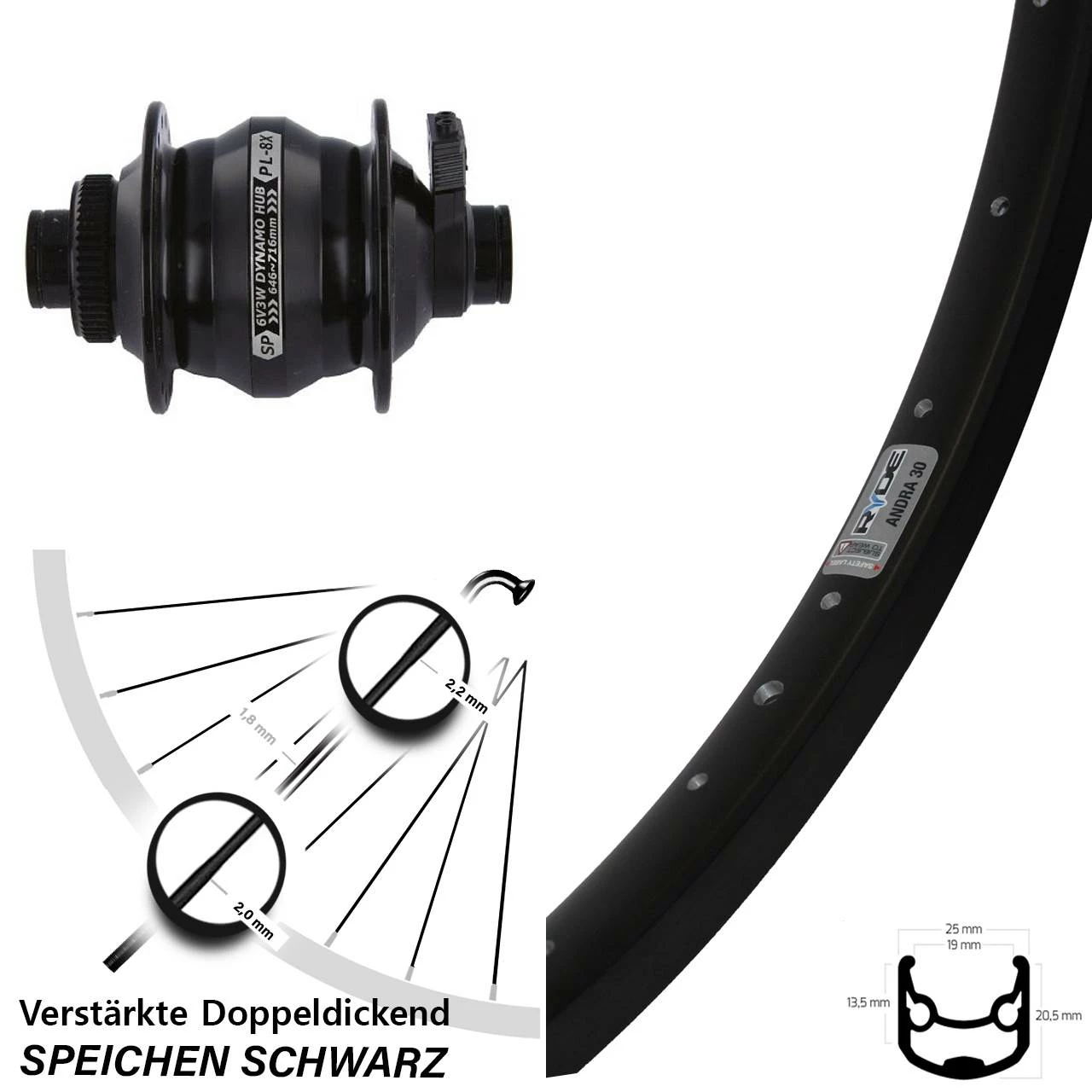 - Vorderrad 26 Zoll Ryde Andra 30 Disc schwarz mit Nabendynamo Shutter Precision PL-8X schwarz
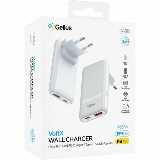 Gelius VoltX GaN 65W — це нове покоління зарядних пристроїв, яке поєднує в собі високу потужність, енергоефективність та передові технології швидкої зарядки. Цей зарядний блок створений для тих, хто цінує швидкість, надійність і компактність у щоденному використанні — вдома, в офісі та в подорожах.
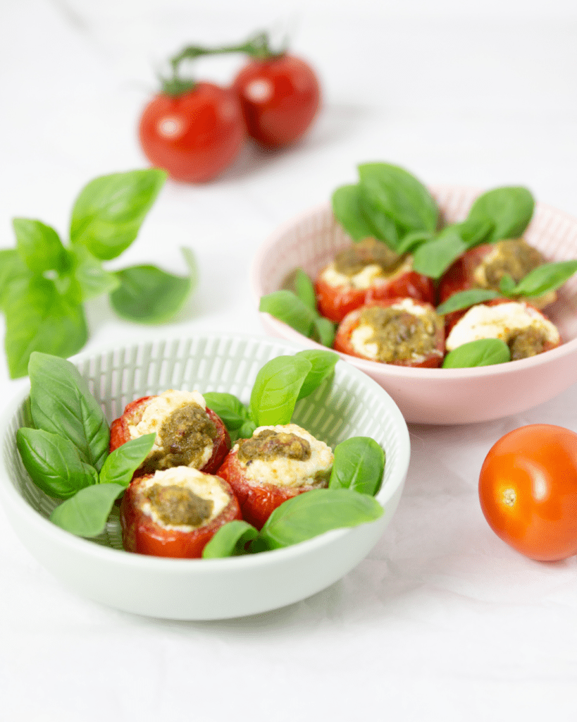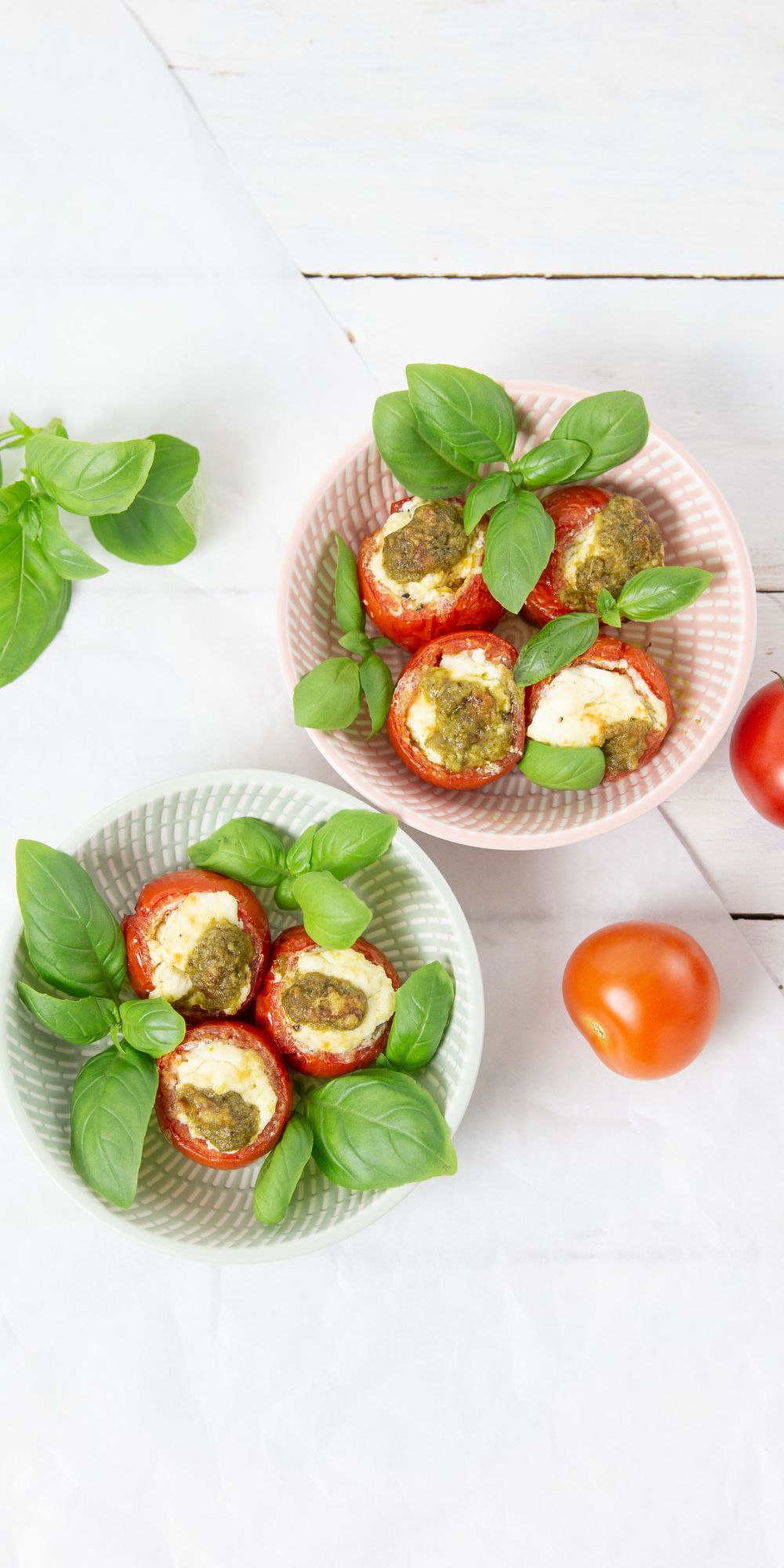 Stuffed Cherry Tomatoes with Pesto and Basil
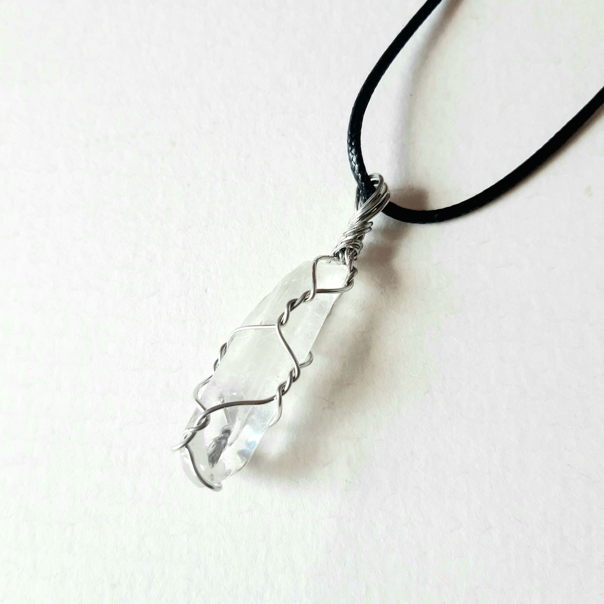 Collar elaborado con punta de cuarzo cristal engarzada con alambre de cobre y cadena de acero. Hay distintos modelos con o sin apliques de acero. La cadena puede variar según stock.
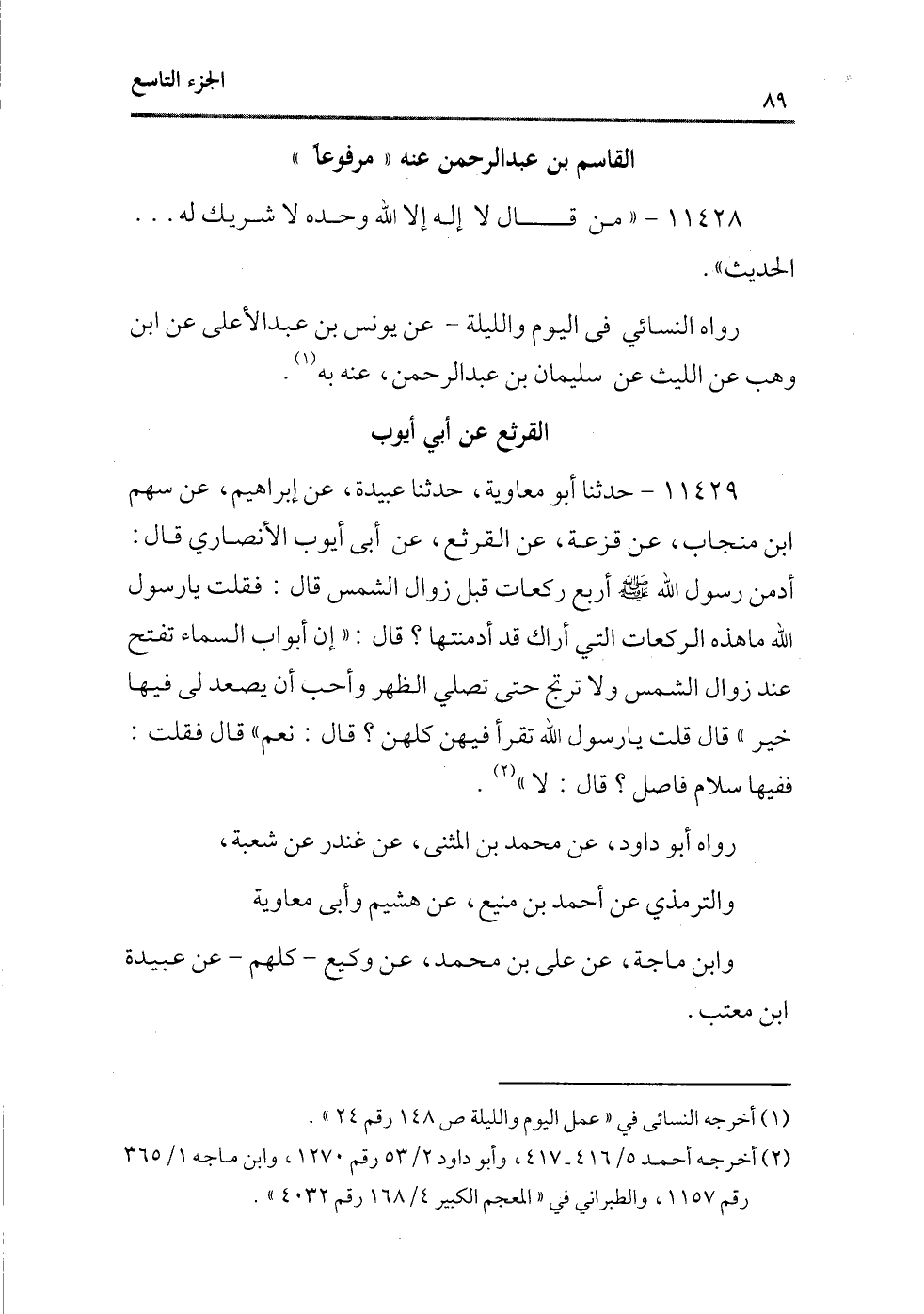 11429 - حدثنا أبو معاوية، حدثنا عبيدة، عن إبراهيم، عن سهم ابن منجاب، عن قزعة، عن القرثع، عن أبى أيوب الأنصارى قال: أدمن رسول الله - صلى الله عليه وسلم - أربع ركعات قبل زوال الشمس قال: فقلت يا رسول الله ما هذه الركعات التى أراك قد أدمنتها؟ قال: «إن أبواب السماء تفتح عند زوال الشمس ولا ترتج حتى تصلى الظهر وأحب أن يصعد لى فيها خير» قال قلت يا رسول الله تقرأ فيهن كلهن؟ قال: نعم «قال فقلت: ففيها سلام فاصل؟ قال: لا» (¬2) .
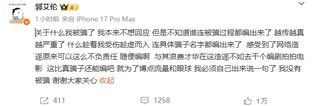 4月7日,篮球运动员郭艾伦发文否认被诈骗近千万,其称:“关于什么我被骗了,我本来不想回应,但是不知道谁连被骗过程都编出来了,越传越真越严重了,什么趁着我受伤趁虚而入,连具体骗子名字都编出来了,感受到了网络造谣原来可以这么不负责任,随便编啊,与其浪费才华在这造谣不如去干个编剧拍拍电影,这比真骗子还能编吧,就为了博点流量和眼球,我必须自己出来说一句了,我没有被骗,谢谢大家关心。”
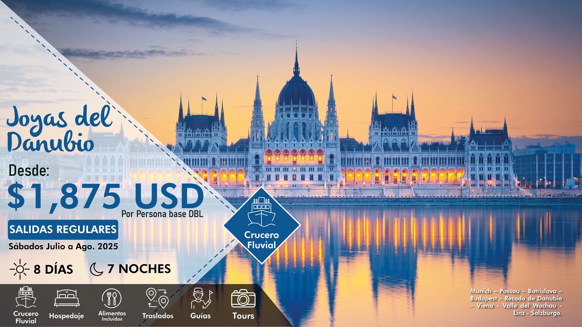 DÍA 1 MUNICH – PASSAU | * Nuestro equipo TUI en destino le esperará en el aeropuerto de Múnich para acompañarle a nuestro barco MS RIVER SAPPHIRE. * Paralelos al rio Danubio nos dirigiremos hasta el centro de la ciudad de Passau, donde esta atracado nuestro barco. * Copa de bienvenida con el capitán y presentación de la tripulación. * Cena y Alojamiento. Noche de navegación. |
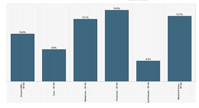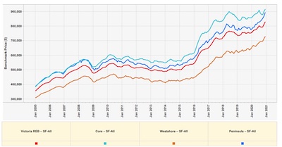 上图为大维各地区的价格变动,其中西岸地区(含Langford, Colwood)上涨13%,半岛地区(Sidney及码头等)全年上涨15%,各小岛的房产上涨仅4%左右。
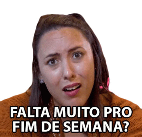 A woman with a worried expression asks, 'Is it much longer until the weekend?' expressing anticipation for the weekend.
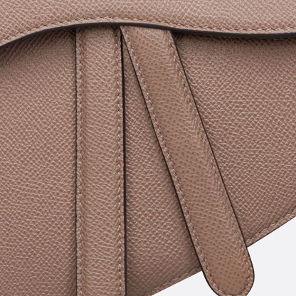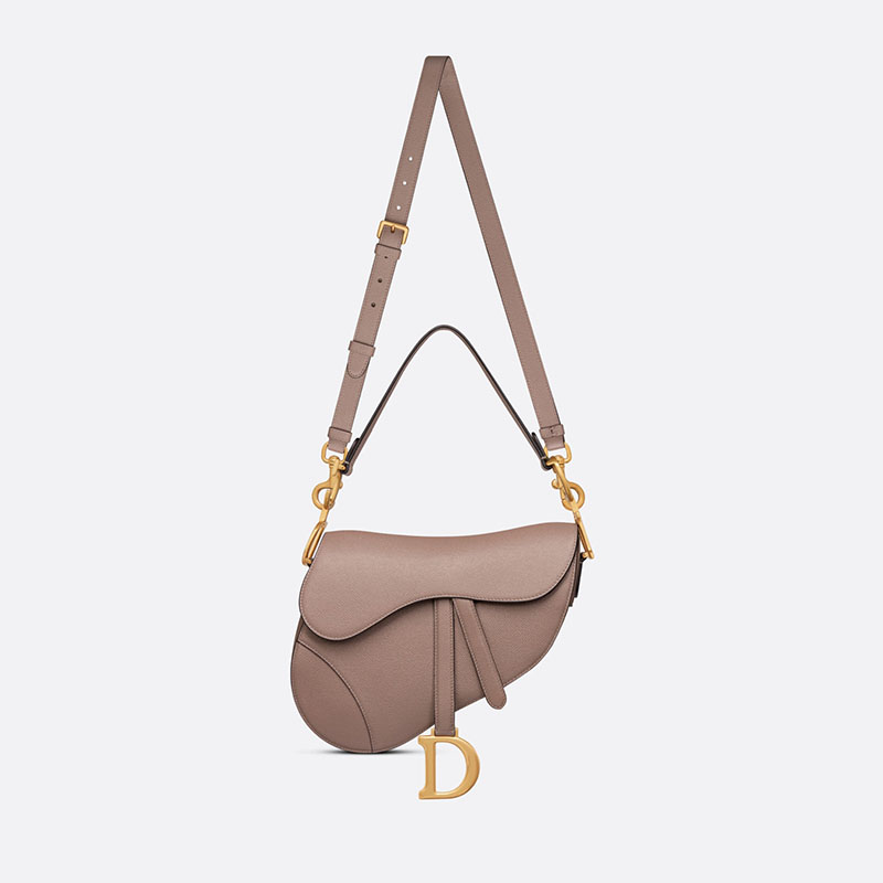 Maria Grazia Chiuri brings a fresh update to the iconic Saddle bag. Crafted in warm taupe grained calfskin, the legendary design features a Saddle flap with a D stirrup clasp on a magnetic strap, as well as an antique gold-finish metal CD signature on either side of the strap. Equipped with a thin, adjustable and removable shoulder strap, the Saddle bag may be carried by hand, worn over the shoulder or crossbody.
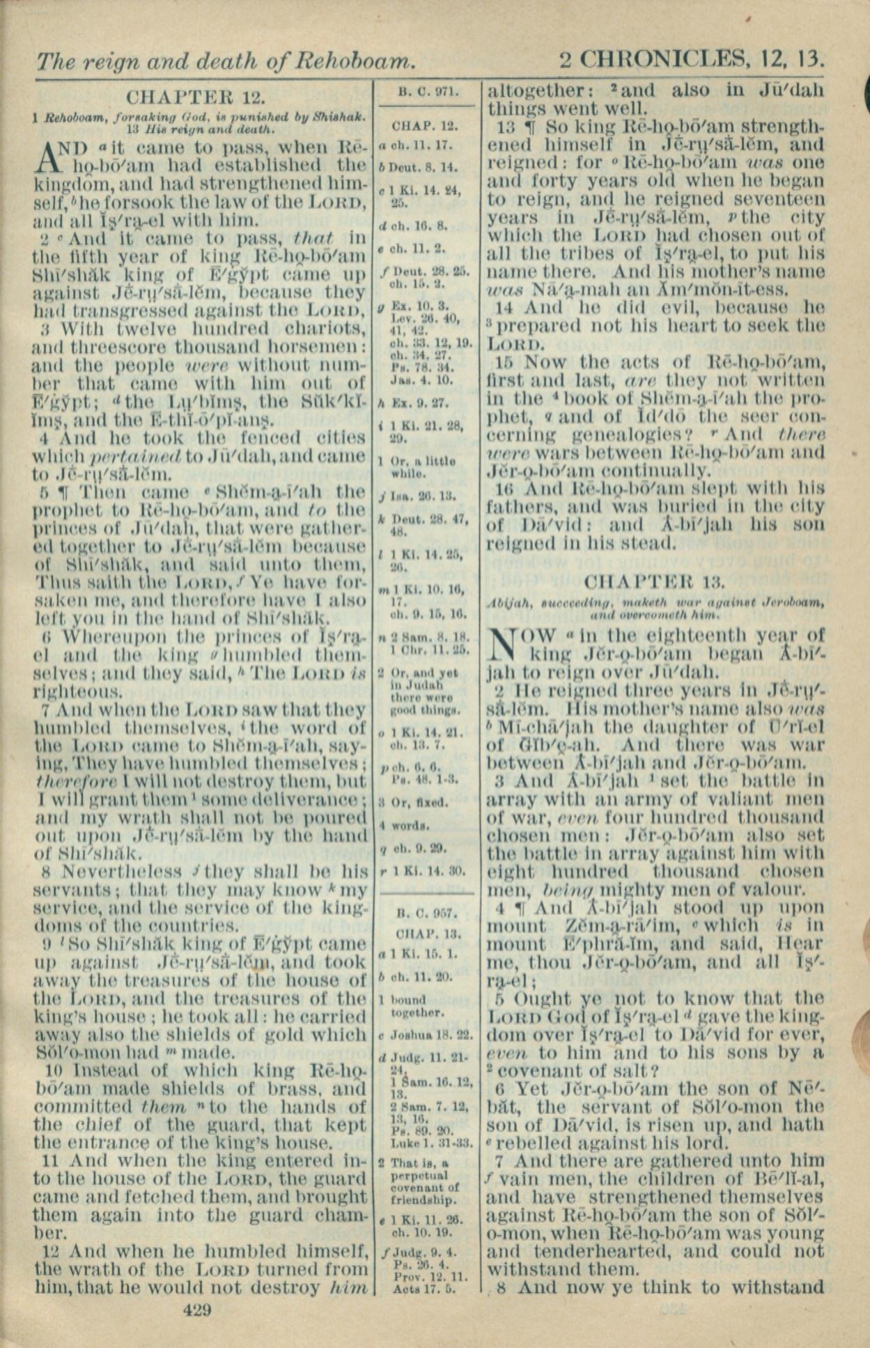 1916年Holy Bible 历代志下 12 章 1 节到 13 章 8 节
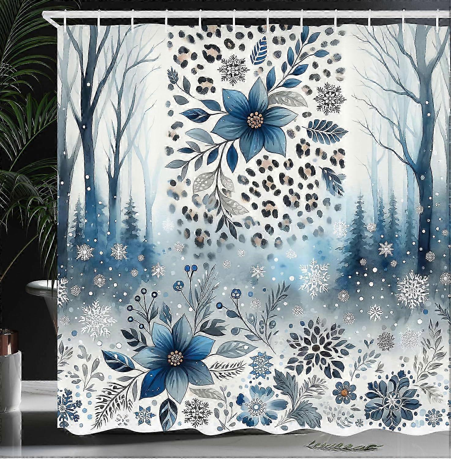 Winter Blue Shower Curtain, Snowy Woodland Frosty Flowers Snowflakes And Leopard Print, Cloth Fabric Bathroom Decor Set With Hooks,slate Blue Pale Tan

▸ EXERCISE REQUIREMENTS
Please retype only the lines from the line that holds "上图为大维各地区的价格变动,其中西岸地区" through the end of the records, exactly as they stand, and drop every picture.

▸ RESULT FOR THIS TASK
 上图为大维各地区的价格变动,其中西岸地区(含Langford, Colwood)上涨13%,半岛地区(Sidney及码头等)全年上涨15%,各小岛的房产上涨仅4%左右。
 A woman with a worried expression asks, 'Is it much longer until the weekend?' expressing anticipation for the weekend.
 Maria Grazia Chiuri brings a fresh update to the iconic Saddle bag. Crafted in warm taupe grained calfskin, the legendary design features a Saddle flap with a D stirrup clasp on a magnetic strap, as well as an antique gold-finish metal CD signature on either side of the strap. Equipped with a thin, adjustable and removable shoulder strap, the Saddle bag may be carried by hand, worn over the shoulder or crossbody.
 1916年Holy Bible 历代志下 12 章 1 节到 13 章 8 节
 Winter Blue Shower Curtain, Snowy Woodland Frosty Flowers Snowflakes And Leopard Print, Cloth Fabric Bathroom Decor Set With Hooks,slate Blue Pale Tan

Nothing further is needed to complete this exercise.